Work Text:
Riley's comfortable in the kitchen, but then he was always in there with his Nana. First it was because he wanted to be the one to get the warm cookies from the oven or a spoonful of ice cream from the maker, still soft and not quite frozen. Later he just liked to help her out, see her smile at him and tell him what a good boy he was. By the time he was fifteen, Riley just got caught up in the stories that went with the things she was making. And like anybody with an appreciative audience, his Nana would tell him how she learned to make the pot roast or the spaghetti sauce, and told him the secret to her spinache souffle was fresh nutmeg in the mix.
Tonight he's making cornbread in the pan he remembers from her kitchen.
The pan arrived in the mail a few days ago in a box filled with wadded newspapers and a padded envelope. The letter was written in Nana's scrawling handwriting, addressed to her Riley-boy, and he had to lock himself in the bathroom so Xander wouldn't get all worked up at seeing him cry over the whole thing. It wasn't too bad until he found the pack of papers and notecards tied up with kitchen string and realized she'd sent him her recipes. Each one had a little note on the back or at the bottom, but they were all the stories she used to tell him condensed down into a line or two. He shuffled through every single one of them and his life came flickering back at him in snapshots of memories.
Her recipe cards are guidelines instead of measurements, but it doesn't matter. He's seen her make it all so many times, stood there and stirred or whisked or flipped things over when she said to. He doesn't need numbers to know "a little bit of the grease" translates to just so much bacon cooked up in that cast iron skillet. He doesn't need to know how much corn meal or how much buttermilk; it all comes together fine in the bowl. As he mixes, Riley hears Nana in his head telling him about the time Pop tried to make cornbread himself and burned it all up, or the first time she served it to her mother in law and got the woman to admit it was as good as her own.

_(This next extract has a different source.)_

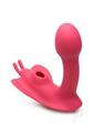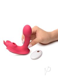 This vibrating and sucking clitoral stimulation toy will leave you with butterflies! Feel your heart flutter in excitement as you enjoy 10 sucking modes from the air stimulation technology gently teasing your clitoris. Insert the flexible shaft and feel the round tip press against your G-spot. Choose between 3 speeds and 7 patterns of vibration that buzzes through the shaft to your G-spot and clitoris for dual stimulation!Lubricate the toy with water based lube and enjoy slowly inserting as you play with different vibration patterns. The vibration can be felt throughout the shaft, the clit sucking end and the fluttering butterfly wings that tease and tantalize your labia. The premium silicone is body safe and IPX6 waterproofed so you can use it in the shower for or play with getting wet and slippery! Grind against the toy and feel the flexible shaft give way for your movement until you come to full satisfaction!After use, clean with warm water, soap and toy cleaner. Wipe clean with a soft cloth or let air dry. Store in a cool, dry place away from other silicone toys.Measurements:Overall length: 4.6 inches,Insertable length: 3.6 inches,Widest insertable diameter: 1.3 inches,Suction hole diameter: 0.5 inchesMaterials: Silicone, ABS PlasticColor: PinkKey Features:Dual Stimulation: Enjoy simultaneous clitoral and G-spot targeting stimulation! The round tip of the shaft vibrates and hits your G-spot while your clit enjoys suction and vibration!Suction and Vibration: The clitoral suction hole offers 10 sucking modes while the shaft and body buzzes with 3 speeds and 7 different vibration settings!Flexible Silicone Shaft: The premium silicone shaft can bend slightly for your comfort and pleasure as you move and grind.Waterproof and rechargeable: This toy is made with IPX6 waterproofing making it resistant to water and safe to use with water jets for up to 30 minutes. Do not submerge in water. Recharge using the USB cable provided.Note: Remote control distance up to 26ft, requires 1xCR2032 battery (included). Use only with water based lubricant.

Xander wanders in, cautious but drawn by the smell. Since the package arrived, Riley's been quiet and Xander's been fretting about it. Best he could seem to do to make things better was keep the bed warm and spoon up in the middle of the night, and not say anything at all. He gets that the grief is more than just Riley's grandmother passing away, but he doesn't know how to explain that he gets it. So he walks on eggshells and tries not to let that get in the way of things either.
"So... Betty Crocker's finally possessed you and you're going to bake me an irresistibly evil cake?" Xander asks as he looks at the bowls on the counter and in the sink. "Brilliant plan, by the way. No man can resist cake. Not even evil cake."

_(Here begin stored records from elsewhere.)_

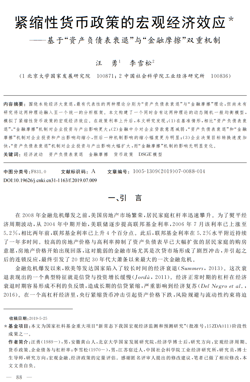 汪勇,李雪松.紧缩性货币政策的宏观经济效应——基于“资产负债表衰退”与“金融摩擦”双重机制[J].上海经济研究,2019(07):88-101+114.
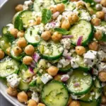 Ein erfrischender Gurkensalat mit Kichererbsen und Feta, perfekt für warme Sommertage.
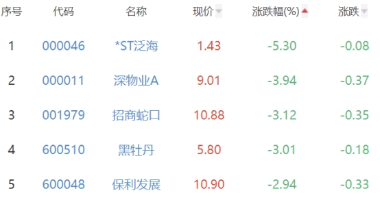 *ST泛海、深物业A、招商蛇口、黑牡丹、保利发展位列板块涨幅榜后五位,涨幅分别为-5.30%、-3.94%、-3.12%、-3.01%、-2.94%。
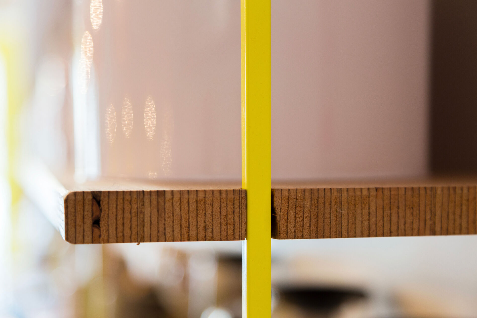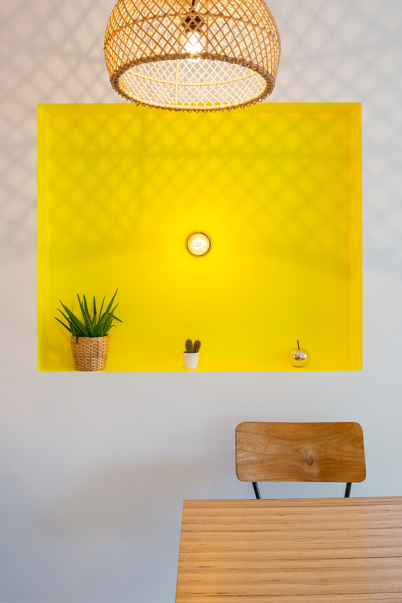 Le jaune vitaminé, signature de la marque, s’invite en niches lumineuses, en détails graphiques, en touches rythmant le regard. Il dialogue avec le bois naturel, doux et tactile, et avec la pierre blonde de la façade, inscrivant l’ensemble dans une ambiance fraîche, accessible et contemporaine.
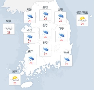 낮 최고기온은 24∼28도로 전날과 비슷하거나 조금 낮겠다.
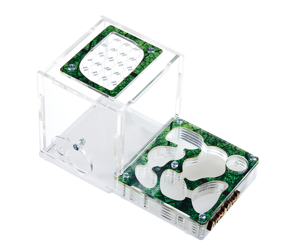 Муравьиная ферма продумана и сделана таким образом, что все детали плотно соединяются между собой, чтобы ни один муравей не смог сбежать, а встроенная вентиляция обеспечивает обмен воздуха. Через прозрачное стекло вы сможете наблюдать полный цикл жизнедеятельности мурашей, от маленького яйца до рождения муравья.

Riley grins despite himself. It's the first smile he's had in days, and even with the regret he feels that his Nana never met Xander, never got to see who it was who made her Riley-boy feel as completely loved as he did with her, he can't let that continue to keep hold. Nana would have hated to see him that way. And he knows she would have loved Xander, would have understood that sometimes the best things don't come from following some exactly written recipe. Some things are just better when you improvise.